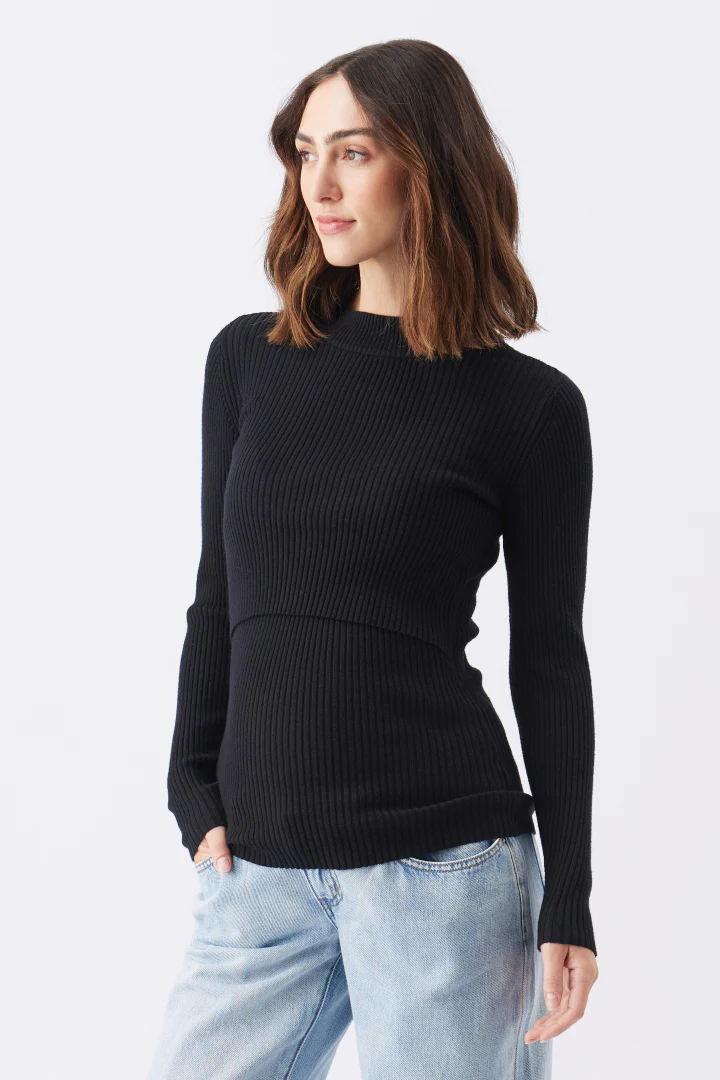 Slip into the slim fit of the Lift Up Nursing Knit. Crafted from a soft blend of viscose and nylon, this textured rib knit features an understated round neckline, long sleeves, and an easy and discreet lift-up panel for nursing. This cozy style offers a lighter alternative to your heavy winter sweaters for warmth without the weight. Style yours with denim, or with our A-Line Knit Skirt for a classic and timeless winter look.
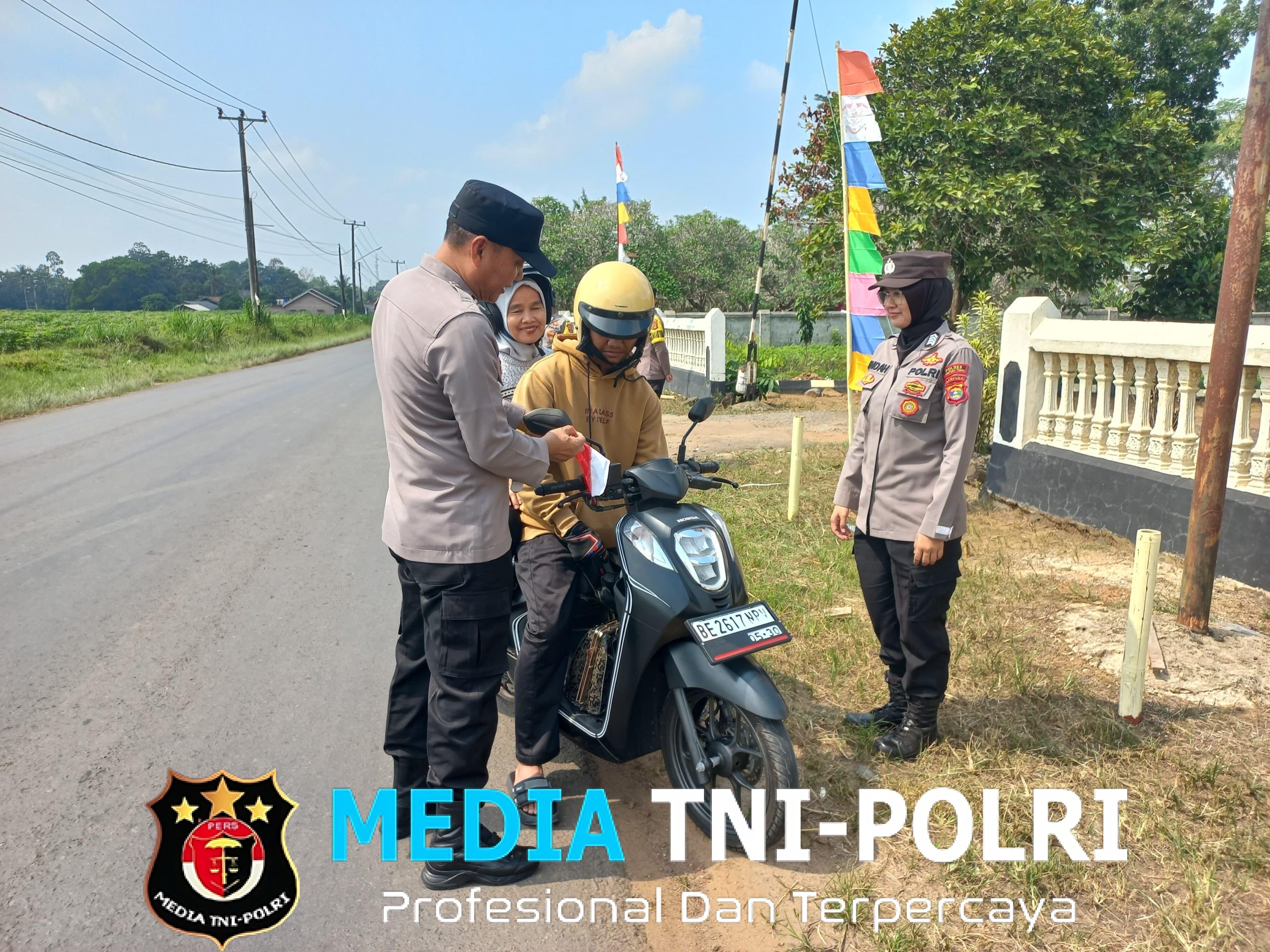 menggelar kegiatan pembagian dan pemasangan Bendera Merah Putih kepada para pengguna jalan raya yang melintas di depan Mako Polsek Bandar Sribhawono, Jalan Ir. Sutami, Desa Sribhawono, Kecamatan Bandar Sribhawono, Kabupaten Lampung Timur.
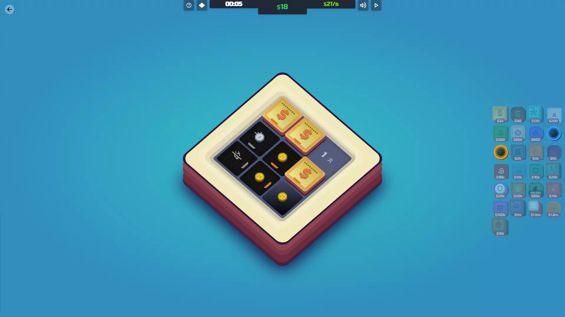工厂已解锁 每张地图开始时你会免费获得一个。 功能 这是你的主要硬币生成器。工厂初始每个周期生产1美元,可通过升级大幅提升产量。 点击并拖动可设置硬币产出方向。 工厂会与任何带有生产加成的物品产生互动。 成本 等级 效果 升级成本 1级 每个周期生产1美元 免费/8美元 2级 基础产量提升至2美元 25美元 3级 基础产量提升至3美元 75美元 4级 基础产量提升至3美元。所有产量乘以2 400美元 5级 基础产量提升至5美元。所有产量乘以3 1美元5000美元 等级6 基础产量提升至10美元。所有产量乘以5 20000美元 等级7 基础产量提升至20美元。所有产量乘以10 400000美元 等级8 基础产量提升至50美元。所有产量乘以100 2亿美元 等级9 基础产量提升至100美元。所有产量乘以200 200亿美元 协同中心:产出与其接触的所有工厂的总和。一级仅正交方向接触有效,二级增加对角线接触,最终级无需接触即可生效! 咖啡:接触时增加工厂产量。在游戏初期非常有用。 公园:接触时按百分比提升工厂产量。赞助商:降低工厂升级成本。有助于达到重要的8级。 主教:斜向放置时会使工厂产量翻倍,但正交放置时会使产量除以1.5。你应该尽量在工厂上放置尽可能多的主教。 加速器:面向工厂时为其产量增加1美元。可以升级以提高生效频率,增加的美元金额也可以升级。这种协同效应是你快速赢得游戏的关键。 鼓/超频器:使与其接触/面向的工厂运行更频繁。 篝火:永久提高工厂的产量。这是一种不错的工厂升级方式,但最好留着用于升级加速器。 投资者:提高地图上所有工厂的产量。非常强大。前三级按固定数值增加,最后一级则改为增加1%。这是你达到10吨以放置箱子的方法。多个投资者会同时提升工厂产量,因此拥有多个投资者会让你获得更多收益。
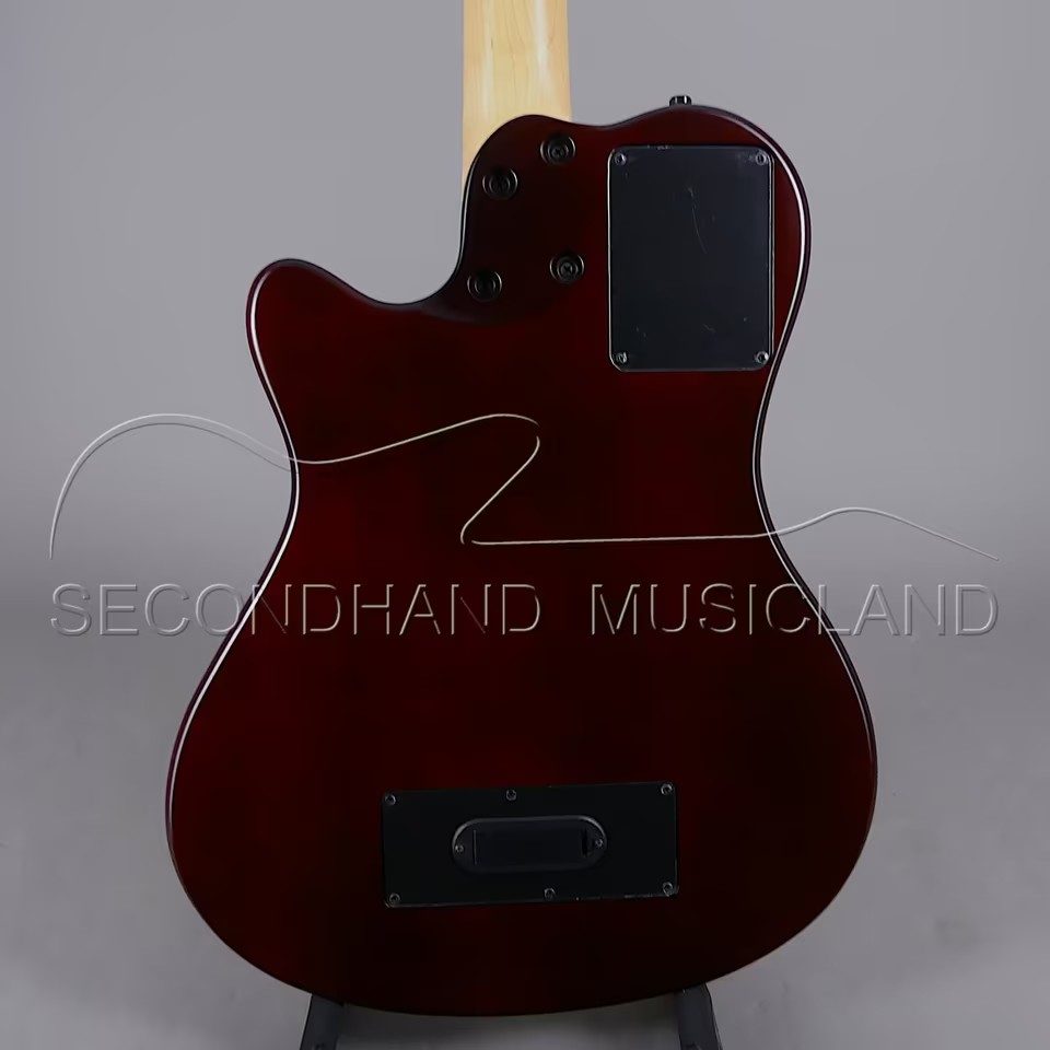 Neck: C-shape rock maple neck with 16″ radius ebony fingerboard & white side dots/fret lines. Godin diecast tuners are in perfect working condition. 1 1/2″ nut width; 34″ scale length. Neck is straight & truss rod works fine.
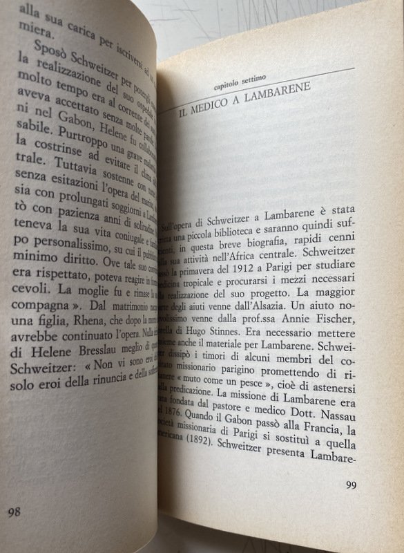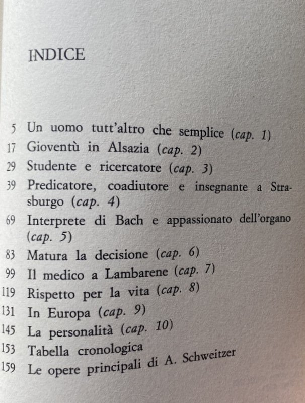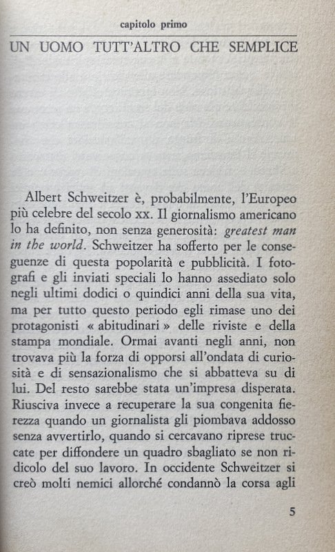 Soggetti: Biografie, Memorie, Predicatori, Missionari, Germanistica, Premio Nobel per la pace, Teologia, Filantropia, Africa, Bach, C. H. Beck, Cristianesimo, Etica, Escatologia, Vangelo, Günsbach, Critica, Cultura, Lambarene, Sofferenza, Medici, Musicisti, Filantropi tedeschi, Monaco, Musica, Natura, Parigi, Filosofia, Politica, Predicazione, Evangelizzazione, Bibbia, Organo, Opere caritatevoli, Scritti, Sermoni, Discorsi, Religione, Strasburgo, Teologi, Giungla, Saggi, Visione del mondo, Scienza, Conoscenza, Persönlichkeit, Geschichte, Theologischen, Menschen, Philosophie, Politik, Predigt, Ethik, Leben, Weltanschauung, Wissenschaft, Joseph Gollomb, Biographie, Nils Ole Oermann, Out of my Life and Thought, Intellettuali, Movimento antinucleare, Pacifismo, Pacifisti, Medicina, Germania dell'Est, Adolf von Harnack, Bähr, Berlino, Brabazon, C. T. Campion, Central Archive, Infanzia, Gioventù, Chiesa, Cristianesimo, Der Spiegel, Francese, Gabon, Gerald Götting, Goethe, Günsbach, Hammarskjöld, Harnack, Havemann, Helene Bresslau, Helene Schweitzer, Jesus, Kant, Lezioni, Lettere, Mougin, Munz, Misticismo, Nietzsche, Ogowe River, Organista, Organisti, Pastore, Pazienti, Intervista, Filosofia, Civiltà, Poteau, Riverenza, Foresta primordiale, Régnants, Rhena, San Tommaso, Harald Steffahn, Theodor Heuss, Pensiero, Università, Tubinga, Widor, Wyss, Meditazioni, Storie africane, Rispetto per la vita, Albert Einstein, Novecento, Kultur/Zivilisation, Crisi, Occidente, Filosofie orientali, Antropocentrismo, Umanità, Ideali, Responsabilità, Mistica, San Paolo, Poveri, Ammalati, Urwald, Preludio, Fuga, William Wrede, Bibliografia, Riferimento, Consultazione, Collezionismo, Rarità librarie, Libri rari Vintage fuori catalogo, Messia, Leben, Rudolf Bultmann, David Friedrich Strauss, Martin Butzer, Oskar Kraus, Werner Picht, Oskar Pfister, Sigmund Freud, Gandhi, Martin Dibelius, Ebraismo, Giudaismo, Enoch, Studi religiosi, Storia africana, Hugo Stinnes, Affare Dreyfus, Cosima Wagner, Siegfried, Romain Rolland, Roman Brodmann, Guarigioni, Indigeni, Tribù locali africane, Malattie, Medicine, Farmaci, Cura, Assistenza, Medici di frontiera, Orfani, Riforma, Pedagogia, Buch, Biographies, Memoirs, Preachers, Missionaries, Germanic Studies, Nobel Peace Prize, Theology, Philanthropy, Christianity, Ethics, Eschatology, Gospel, Criticism, Culture, Suffering, Doctors, Musicians, Philanthropists, Munich, Music, Nature, Paris, Philosophy, Politics, Preaching, Evangelism, Bible, Organ, Charity, Writings, Sermons, Speeches, Religion, Strasbourg, Theologians, Jungle, Essays, Worldview, Science, Knowledge, Intellectuals, Anti-nuclear movement, Pacifism, Pacifists, Medicine, Germany East, Berlin, Childhood, Youth, Church, Christianity, French, Lectures, Letters, Mysticism, Organist, Organists, Pastor, Patients, Interview, Philosophy, Civilization, Poteau, Reverence, Primeval forest, St. Thomas Aquinas, Thought , University, Tübingen, Meditations, African stories, Respect for life, Twentieth century, Crisis, West, Oriental philosophies, Anthropocentrism, Humanity, Ideals, Responsibility, Saint Paul, Poor, Sick, Mysticism, Prelude, Escape, Bibliography, Reference, Consultation, Collecting, Book rarities, Out-of-print rare books, Messiah, Judaism, Judaism, Religious studies, African history, Dreyfus affair, Healings, Indigenous people, Local African tribes, Diseases, Medicines, Drugs, Treatment, Assistance, Frontier doctors, Orphans, Reform, Pedagogy

= = =

*WHAT NEEDS TO BE DONE:* The answer must be the lines from the first one in the records through the line containing "menggelar kegiatan pembagian", copied exactly, with no pictures.

*RESULT:*
 Slip into the slim fit of the Lift Up Nursing Knit. Crafted from a soft blend of viscose and nylon, this textured rib knit features an understated round neckline, long sleeves, and an easy and discreet lift-up panel for nursing. This cozy style offers a lighter alternative to your heavy winter sweaters for warmth without the weight. Style yours with denim, or with our A-Line Knit Skirt for a classic and timeless winter look.
 menggelar kegiatan pembagian dan pemasangan Bendera Merah Putih kepada para pengguna jalan raya yang melintas di depan Mako Polsek Bandar Sribhawono, Jalan Ir. Sutami, Desa Sribhawono, Kecamatan Bandar Sribhawono, Kabupaten Lampung Timur.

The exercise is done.